Exercise inputs:
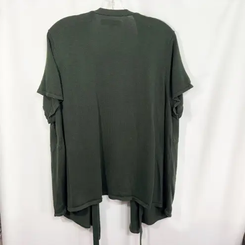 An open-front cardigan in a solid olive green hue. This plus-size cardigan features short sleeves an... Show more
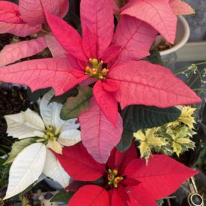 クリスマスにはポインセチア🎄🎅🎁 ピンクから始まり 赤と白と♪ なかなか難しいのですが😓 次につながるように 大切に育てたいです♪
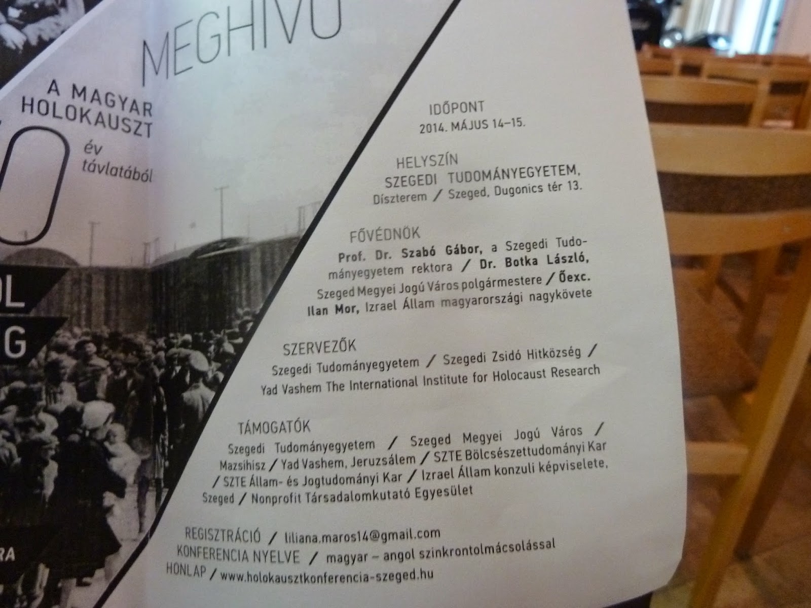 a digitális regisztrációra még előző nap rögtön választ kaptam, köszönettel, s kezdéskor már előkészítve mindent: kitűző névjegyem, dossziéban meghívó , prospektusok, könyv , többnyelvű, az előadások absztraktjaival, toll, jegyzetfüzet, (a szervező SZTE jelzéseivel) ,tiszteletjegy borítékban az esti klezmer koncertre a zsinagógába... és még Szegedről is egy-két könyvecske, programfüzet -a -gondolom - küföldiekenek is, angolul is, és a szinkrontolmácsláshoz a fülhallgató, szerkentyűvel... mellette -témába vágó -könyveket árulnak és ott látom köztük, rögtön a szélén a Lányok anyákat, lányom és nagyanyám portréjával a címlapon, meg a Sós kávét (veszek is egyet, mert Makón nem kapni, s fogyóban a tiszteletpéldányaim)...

...

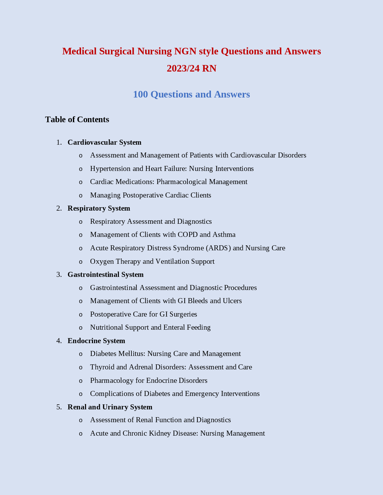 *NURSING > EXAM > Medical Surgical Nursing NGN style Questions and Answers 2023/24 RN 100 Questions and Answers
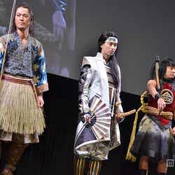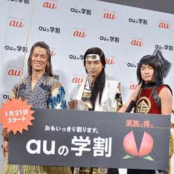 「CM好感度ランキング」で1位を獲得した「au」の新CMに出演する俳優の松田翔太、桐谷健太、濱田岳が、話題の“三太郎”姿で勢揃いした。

--

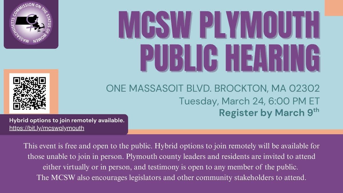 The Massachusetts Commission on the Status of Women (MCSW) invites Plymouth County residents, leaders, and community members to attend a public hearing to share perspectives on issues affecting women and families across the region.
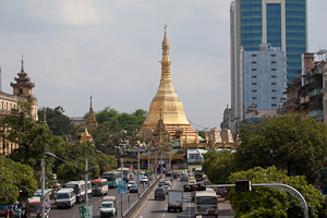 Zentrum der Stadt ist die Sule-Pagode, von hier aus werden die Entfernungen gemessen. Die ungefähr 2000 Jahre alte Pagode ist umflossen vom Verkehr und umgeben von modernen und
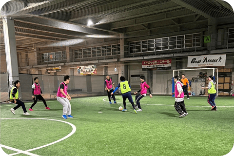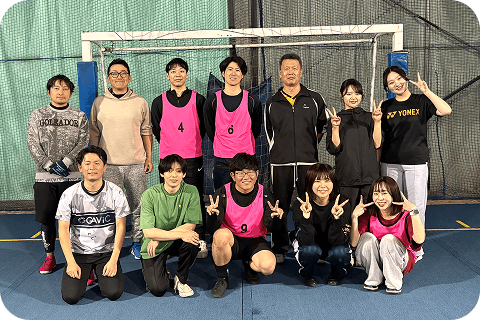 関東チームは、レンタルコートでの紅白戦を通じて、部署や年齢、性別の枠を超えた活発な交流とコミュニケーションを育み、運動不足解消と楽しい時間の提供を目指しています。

Task details:
Range to copy from the listing above: the line with "The Massachusetts Commission" through the line with "関東チームは、レンタルコート". Transcribe it exactly and skip the pictures.

Written reply:
 The Massachusetts Commission on the Status of Women (MCSW) invites Plymouth County residents, leaders, and community members to attend a public hearing to share perspectives on issues affecting women and families across the region.
 Zentrum der Stadt ist die Sule-Pagode, von hier aus werden die Entfernungen gemessen. Die ungefähr 2000 Jahre alte Pagode ist umflossen vom Verkehr und umgeben von modernen und
 関東チームは、レンタルコートでの紅白戦を通じて、部署や年齢、性別の枠を超えた活発な交流とコミュニケーションを育み、運動不足解消と楽しい時間の提供を目指しています。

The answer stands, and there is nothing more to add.